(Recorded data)
+++++
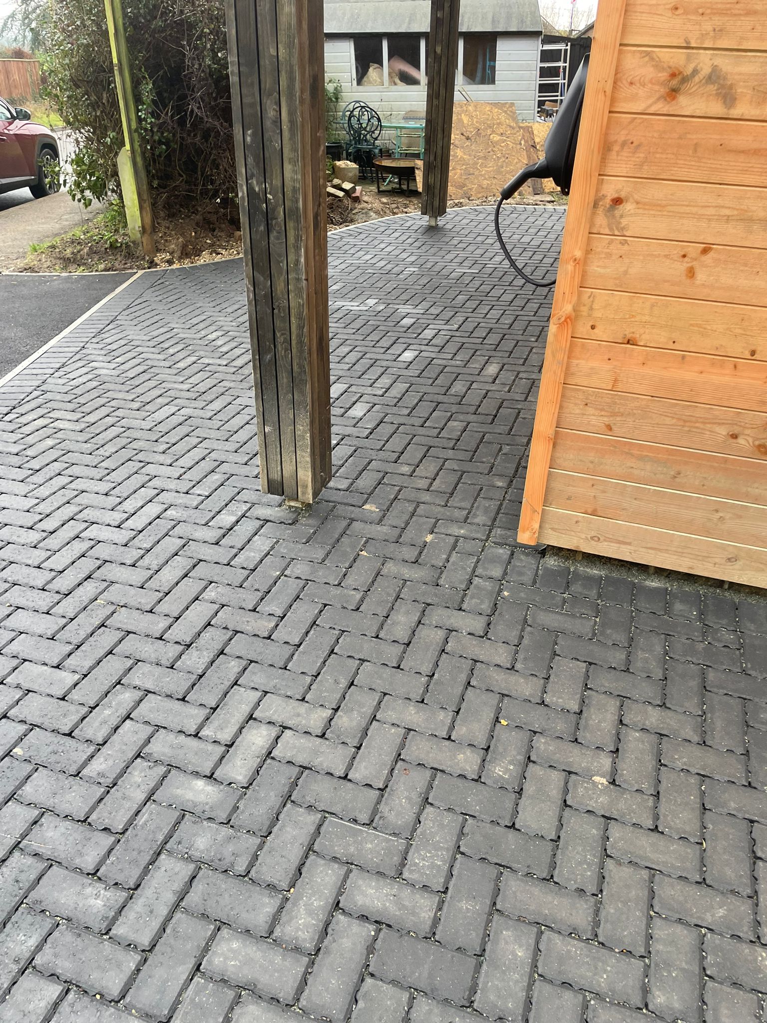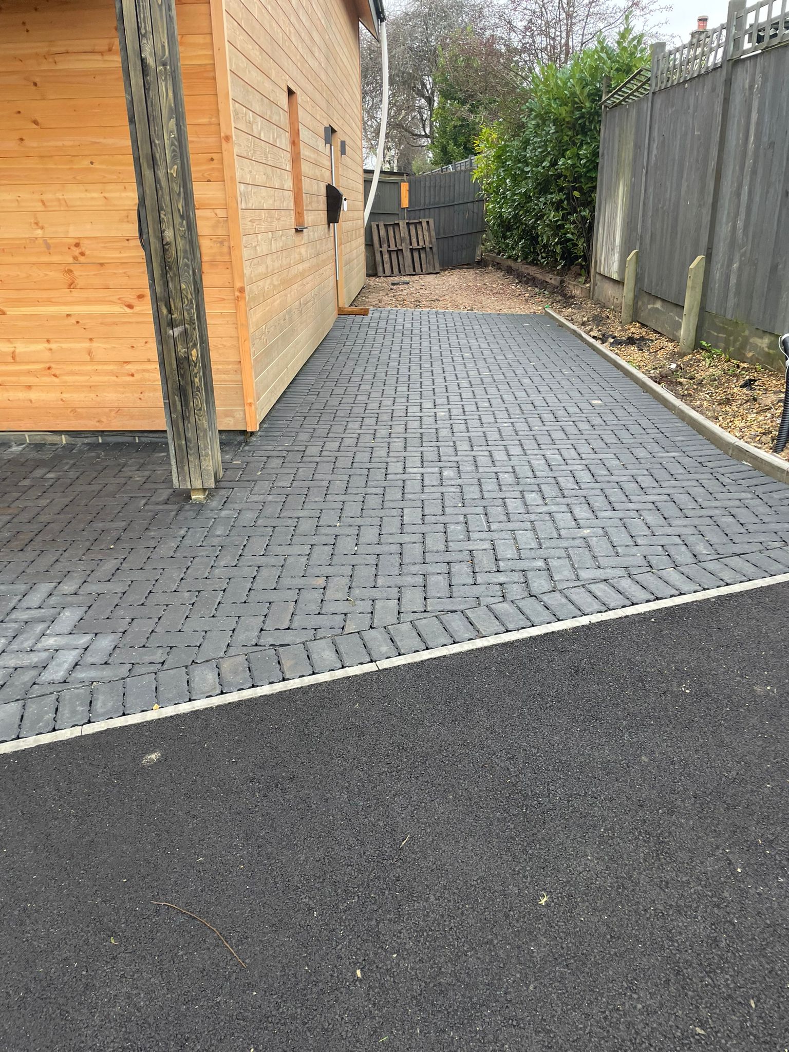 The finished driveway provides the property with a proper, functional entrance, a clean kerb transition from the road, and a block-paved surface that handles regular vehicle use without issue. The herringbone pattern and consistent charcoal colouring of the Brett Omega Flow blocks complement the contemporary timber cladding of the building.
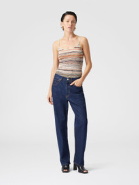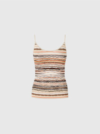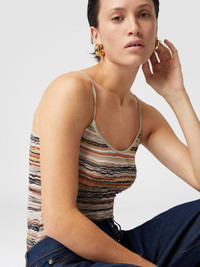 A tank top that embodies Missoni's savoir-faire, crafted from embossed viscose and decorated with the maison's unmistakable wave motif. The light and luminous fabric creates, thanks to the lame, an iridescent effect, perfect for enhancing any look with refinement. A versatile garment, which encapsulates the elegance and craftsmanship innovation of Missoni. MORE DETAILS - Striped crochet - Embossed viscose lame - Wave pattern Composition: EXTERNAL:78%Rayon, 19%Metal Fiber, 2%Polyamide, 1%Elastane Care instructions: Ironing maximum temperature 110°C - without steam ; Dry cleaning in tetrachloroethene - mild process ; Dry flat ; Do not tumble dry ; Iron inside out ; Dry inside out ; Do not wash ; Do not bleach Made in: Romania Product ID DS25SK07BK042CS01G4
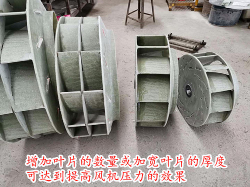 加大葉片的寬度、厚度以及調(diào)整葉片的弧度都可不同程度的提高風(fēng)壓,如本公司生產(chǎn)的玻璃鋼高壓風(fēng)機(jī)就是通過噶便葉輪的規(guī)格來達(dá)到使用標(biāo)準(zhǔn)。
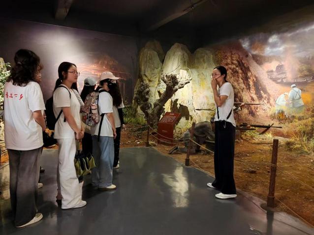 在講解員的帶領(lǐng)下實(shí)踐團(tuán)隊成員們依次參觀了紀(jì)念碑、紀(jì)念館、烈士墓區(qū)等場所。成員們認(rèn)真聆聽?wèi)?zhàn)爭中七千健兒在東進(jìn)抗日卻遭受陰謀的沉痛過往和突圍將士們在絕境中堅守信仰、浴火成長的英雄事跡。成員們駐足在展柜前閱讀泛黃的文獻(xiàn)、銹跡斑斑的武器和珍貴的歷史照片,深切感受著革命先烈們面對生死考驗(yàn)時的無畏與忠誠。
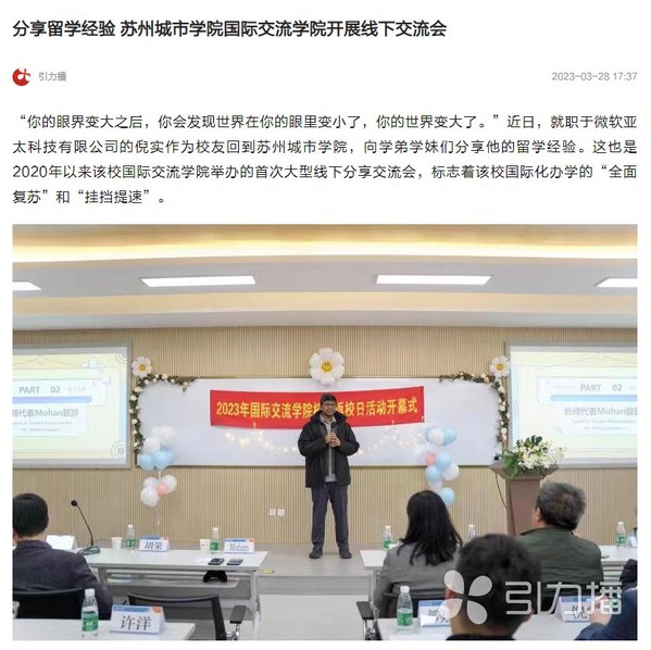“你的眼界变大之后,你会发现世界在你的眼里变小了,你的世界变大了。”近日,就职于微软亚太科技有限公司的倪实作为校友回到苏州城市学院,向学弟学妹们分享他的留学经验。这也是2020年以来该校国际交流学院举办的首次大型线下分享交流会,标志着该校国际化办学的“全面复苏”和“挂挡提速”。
+++++
Brief: Copy out every entry above, character for character, excluding pictures.

Exercise result:
 The finished driveway provides the property with a proper, functional entrance, a clean kerb transition from the road, and a block-paved surface that handles regular vehicle use without issue. The herringbone pattern and consistent charcoal colouring of the Brett Omega Flow blocks complement the contemporary timber cladding of the building.
 A tank top that embodies Missoni's savoir-faire, crafted from embossed viscose and decorated with the maison's unmistakable wave motif. The light and luminous fabric creates, thanks to the lame, an iridescent effect, perfect for enhancing any look with refinement. A versatile garment, which encapsulates the elegance and craftsmanship innovation of Missoni. MORE DETAILS - Striped crochet - Embossed viscose lame - Wave pattern Composition: EXTERNAL:78%Rayon, 19%Metal Fiber, 2%Polyamide, 1%Elastane Care instructions: Ironing maximum temperature 110°C - without steam ; Dry cleaning in tetrachloroethene - mild process ; Dry flat ; Do not tumble dry ; Iron inside out ; Dry inside out ; Do not wash ; Do not bleach Made in: Romania Product ID DS25SK07BK042CS01G4
 加大葉片的寬度、厚度以及調(diào)整葉片的弧度都可不同程度的提高風(fēng)壓,如本公司生產(chǎn)的玻璃鋼高壓風(fēng)機(jī)就是通過噶便葉輪的規(guī)格來達(dá)到使用標(biāo)準(zhǔn)。
 在講解員的帶領(lǐng)下實(shí)踐團(tuán)隊成員們依次參觀了紀(jì)念碑、紀(jì)念館、烈士墓區(qū)等場所。成員們認(rèn)真聆聽?wèi)?zhàn)爭中七千健兒在東進(jìn)抗日卻遭受陰謀的沉痛過往和突圍將士們在絕境中堅守信仰、浴火成長的英雄事跡。成員們駐足在展柜前閱讀泛黃的文獻(xiàn)、銹跡斑斑的武器和珍貴的歷史照片,深切感受著革命先烈們面對生死考驗(yàn)時的無畏與忠誠。
“你的眼界变大之后,你会发现世界在你的眼里变小了,你的世界变大了。”近日,就职于微软亚太科技有限公司的倪实作为校友回到苏州城市学院,向学弟学妹们分享他的留学经验。这也是2020年以来该校国际交流学院举办的首次大型线下分享交流会,标志着该校国际化办学的“全面复苏”和“挂挡提速”。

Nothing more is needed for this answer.